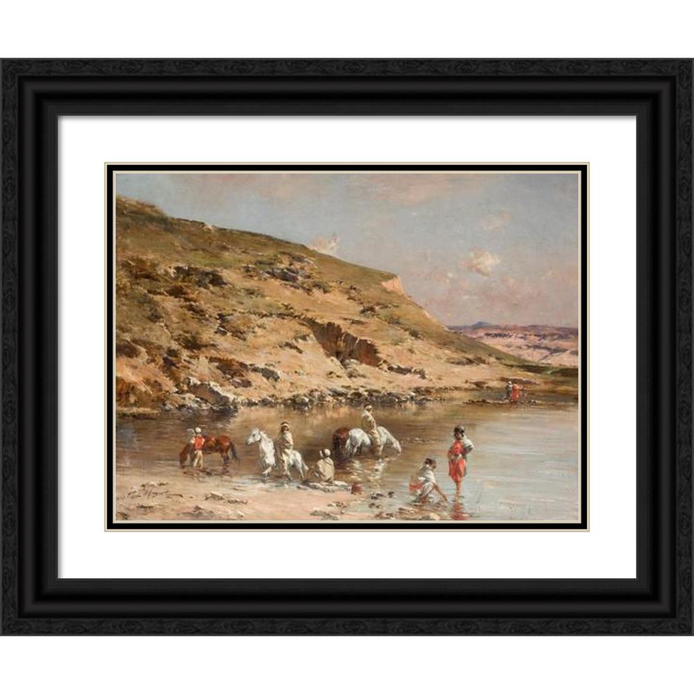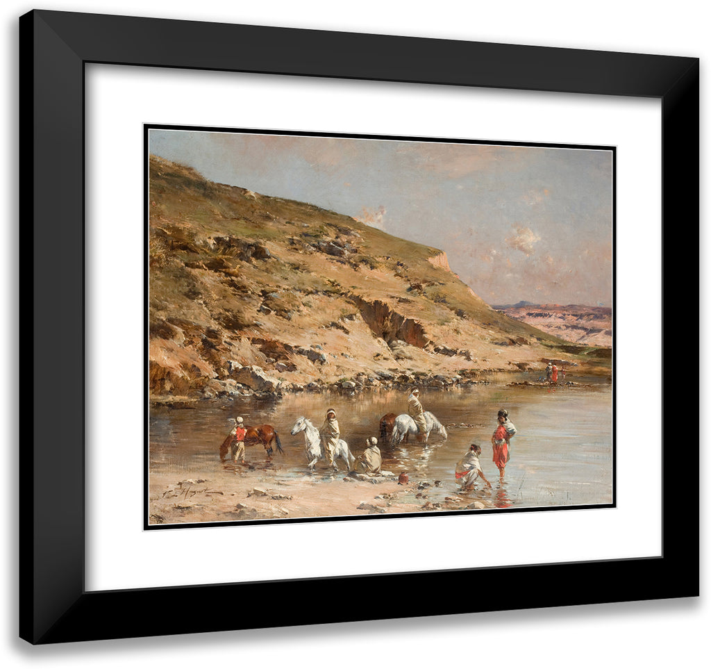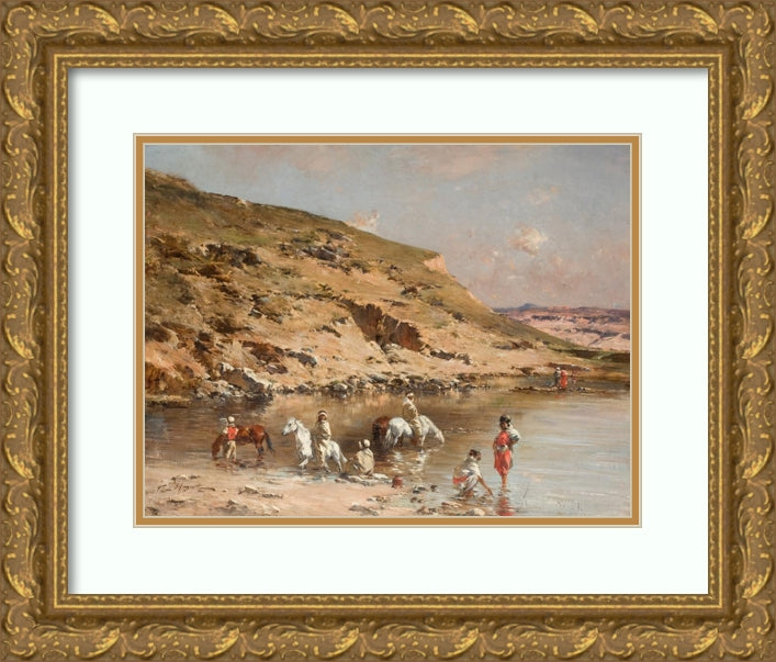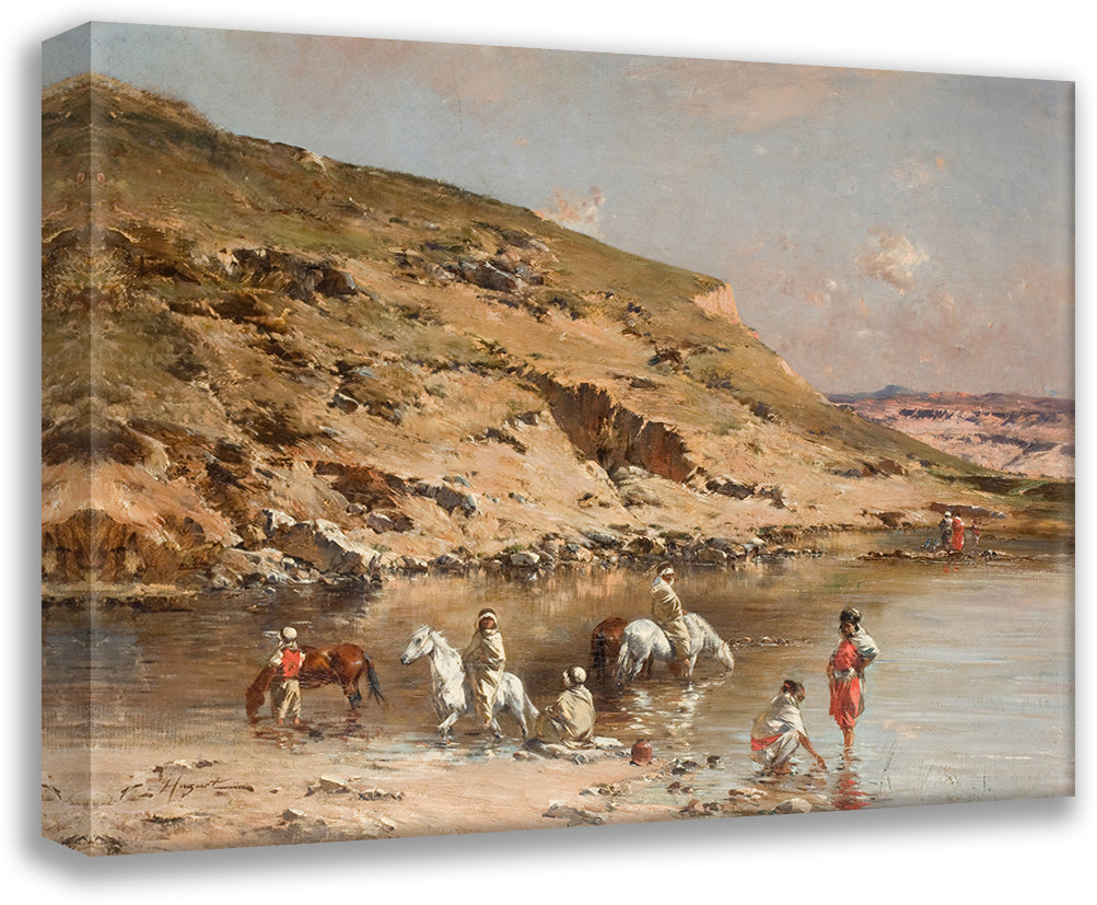/ Horse Swimming (Algerian Caravan Bathing Horses Against a Rocky Landscape)
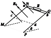 5、计算题 如图所示,MN、PQ为间距L=0.5m足够长的平行导轨,NQ⊥MN。导轨平面与水平面间的夹角θ=37°,NQ间连接有一个R=5Ω的电阻。有一匀强磁场垂直于导轨平面,磁感应强度为B0=1T。将一根质量为m=0.05kg的金属棒ab紧靠NQ放置在导轨上,且与导轨接触良好,导轨与金属棒的电阻均不计。现由静止释放金属棒,金属棒沿导轨向下运动过程中始终与NQ平行。已知金属棒与导轨间的动摩擦因数μ=0.5,当金属棒滑行至cd处时已经达到稳定速度,cd距离NQ为s=2m。试解答以下问题:(g=10m/s2,sin37°=0.6,cos37°=0.8)
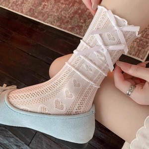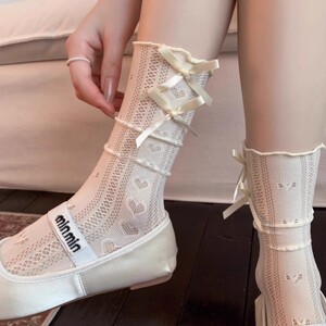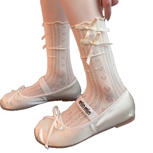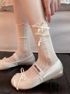 蕾丝袜子女蝴蝶结日系镂空网眼透气夏季薄款堆堆袜miu系配玛丽珍
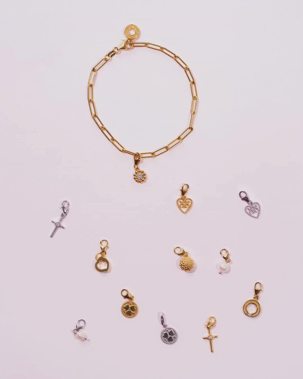 Aina charmin minimalistinen muoto on viimeistelty pienillä yksityiskohdilla – helmeilevällä reunalla ja kirkkaalla kivellä
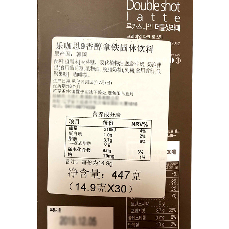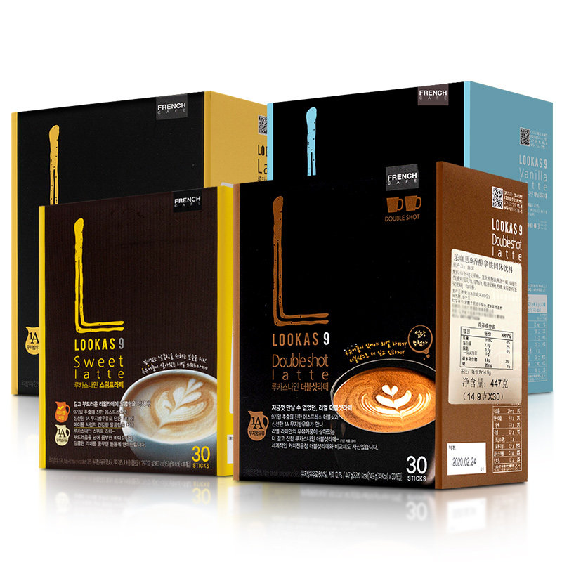 韩国进口FRENCH南阳咖啡lookas9双倍拿铁香草脱脂牛奶速溶咖啡粉
──────
PROBLEM TO SOLVE: In your copy, every entry above must match word for word, and no picture may appear.

RESPONSE FOR THIS EXERCISE:
/ Horse Swimming (Algerian Caravan Bathing Horses Against a Rocky Landscape)
 5、计算题 如图所示,MN、PQ为间距L=0.5m足够长的平行导轨,NQ⊥MN。导轨平面与水平面间的夹角θ=37°,NQ间连接有一个R=5Ω的电阻。有一匀强磁场垂直于导轨平面,磁感应强度为B0=1T。将一根质量为m=0.05kg的金属棒ab紧靠NQ放置在导轨上,且与导轨接触良好,导轨与金属棒的电阻均不计。现由静止释放金属棒,金属棒沿导轨向下运动过程中始终与NQ平行。已知金属棒与导轨间的动摩擦因数μ=0.5,当金属棒滑行至cd处时已经达到稳定速度,cd距离NQ为s=2m。试解答以下问题:(g=10m/s2,sin37°=0.6,cos37°=0.8)
 蕾丝袜子女蝴蝶结日系镂空网眼透气夏季薄款堆堆袜miu系配玛丽珍
 Aina charmin minimalistinen muoto on viimeistelty pienillä yksityiskohdilla – helmeilevällä reunalla ja kirkkaalla kivellä
 韩国进口FRENCH南阳咖啡lookas9双倍拿铁香草脱脂牛奶速溶咖啡粉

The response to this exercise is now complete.